Geo-education – CS 1

Glacial Processes project work

a case study provided by Fforest Fawr UNESCO Global Geopark, Wales (UK)

As Education Officers with the BBNPA, we regularly work with students of all ages. From Teddy Bears’ Picnics for four-year-olds, up to Degree level, we tell ‘stories’ about the ecology, geology, geography, culture and history of the Brecon Beacons National Park, and the Fforest Fawr Geopark. Two years ago, a Geography teacher from a local school brought a class of 14-year olds to study tourism within the National Park. As we wound up the session I asked her what else we, as Education Officers, could do to help her staff and pupils. She talked of the new Welsh Joint Education Committee WJEC (www.wjec.co.uk) Geography post-15 year “AS-Level” course. Students must carry out fieldwork in either a coastal location or a glaciated landscape for their ‘Changing Landscapes’ module.

In Fforest Fawr, we are rather short on wave-cut platforms and stacks, but considerably richer in cirques and U-shaped valleys. Conversations with the Geopark Development Officer, provided a way forward. His scientific input was allied with our educational knowledge as we put together a day of fieldwork which we believed would fulfil the WJEC course requirements. He collected, collated and prepared course materials, LIDAR imagery and so on and identified useful sites. Education officers tweaked these to fulfil the course requirements.

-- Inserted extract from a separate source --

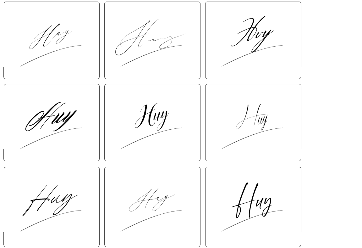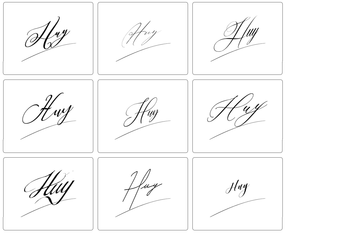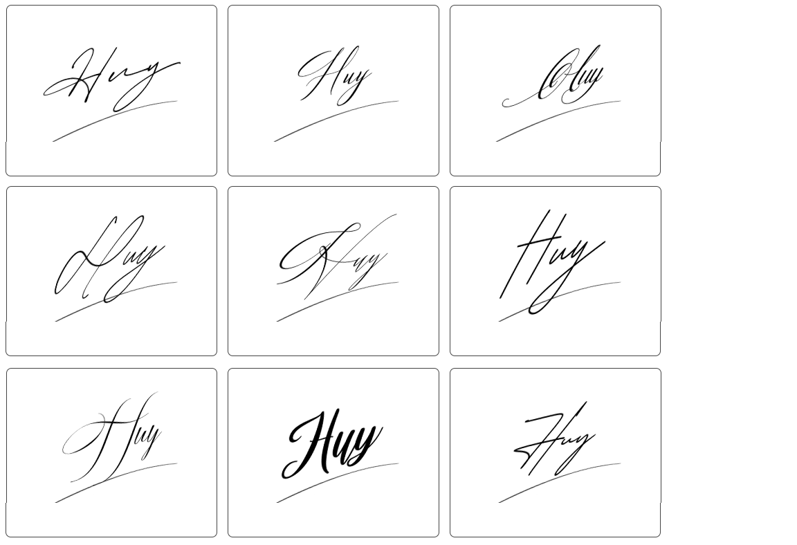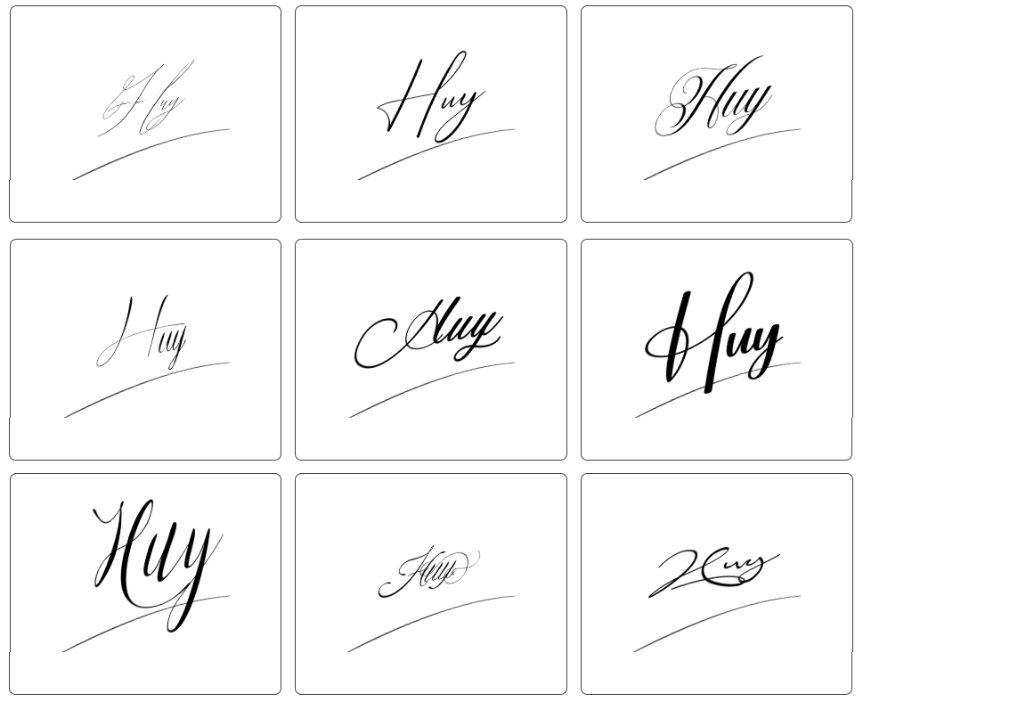 Dưới đây là tổng hợp hơn 100 mẫu chữ ký tên huy đẹp, phù hợp với nhiều sở thích và cá tính khác nhau. Bạn có thể tham khảo các mẫu chữ ký từ đơn giản đến cách điệu, từ nhẹ nhàng đến mạnh mẽ, vô cùng đa dạng để lựa chọn:

Once the day was planned, the Geopark development officer led the first day’s fieldwork and was to continue to offer as other student groups visited. Inquiries from other schools were indeed coming in, and so in that first year several groups of young people and their teachers came to study sites such as Fan Bwlch Chwyth and Penwyllt. Teachers and students were happy (if sometimes a touch damp after their time outside). We were told that their time in the Geopark had provided the experiences that they needed to fulfil their coursework requirements.

However, we all wondered how their examinations would go. Would the WJEC examiners concur? Had our support paid off? The WJEC answered that question by contacting us. The students who had worked with us had done well. Could we now also lead a training course for teachers, to share our good practice? The result was a training day and led teachers and WJEC staff out on site visits.

As a result, the AS Level Fieldwork courses have been judged a success:

  • a number of young people have experienced well-chosen glaciated landscapes within the Geopark for the first time, with first-class interpretation provided by the Geopark development officer and our Education team
  • academic results were above average
  • teachers felt secure in coming to us as experienced leaders of courses in the outdoors

Most importantly of all, perhaps, quite a few of the students who have visited for fieldwork us have told us that they want to come back, wander and walk and enjoy the Geopark when their exams are over.